The Hoodoo River is in the traditional territory of the Tlingit, specifically the Shtax'héen Ḵwáan, commonly known as the Stikine River people. It is also in the asserted traditional territory of the Tahltan First Nation and Iskut First Nation, of the Tahltan people.

==Geography==
The Hoodoo River originates from the meltwaters of Hoodoo Glacier, a valley glacier that flows from the Andrei Icefield which dominates the mountains north of the Hoodoo River and from which numerous glaciers extend in all directions. This large glacial field is named after the son of Olav Mokievsky-Zubok, a glaciologist who carried out significant glaciological work in the Coast Mountains from the 1960s to the 1970s.

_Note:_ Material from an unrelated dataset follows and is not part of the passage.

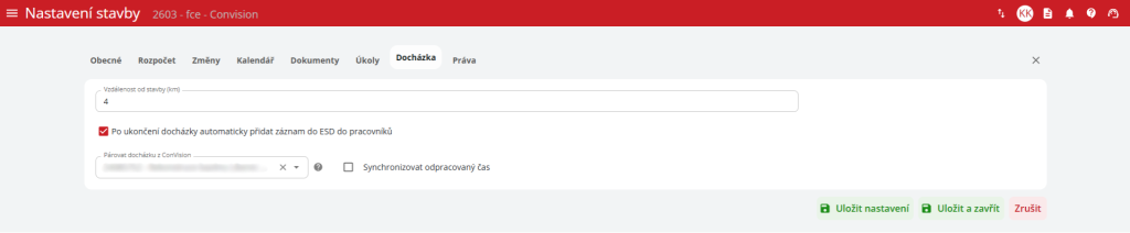 Na kartě Docházka uživatel může zapsat vzdálenost v kilometrech. Tato vzdálenost určuje, jak daleko od stavby může zaměstnanec zapínat/vypínat svoji docházku. Aby tato funkce fungovala, je nutné, aby stavba měla nastavené umístění na mapě a aby uživatel měl v mobilní aplikace povolené polohové služby.

From Hoodoo Glacier the Hoodoo River flows south along the west side of Hoodoo Mountain and through glacial meltwater lakes, then through a coastal western hemlock forest. About 3 km north of the Iskut River the Hoodoo River is joined by its main tributary, an unnamed stream flowing southeast from the glaciers of Surprise Mountain. From this confluence of the two forks, the Hoodoo River continues south through an increasingly braided channel before emptying into the Iskut River.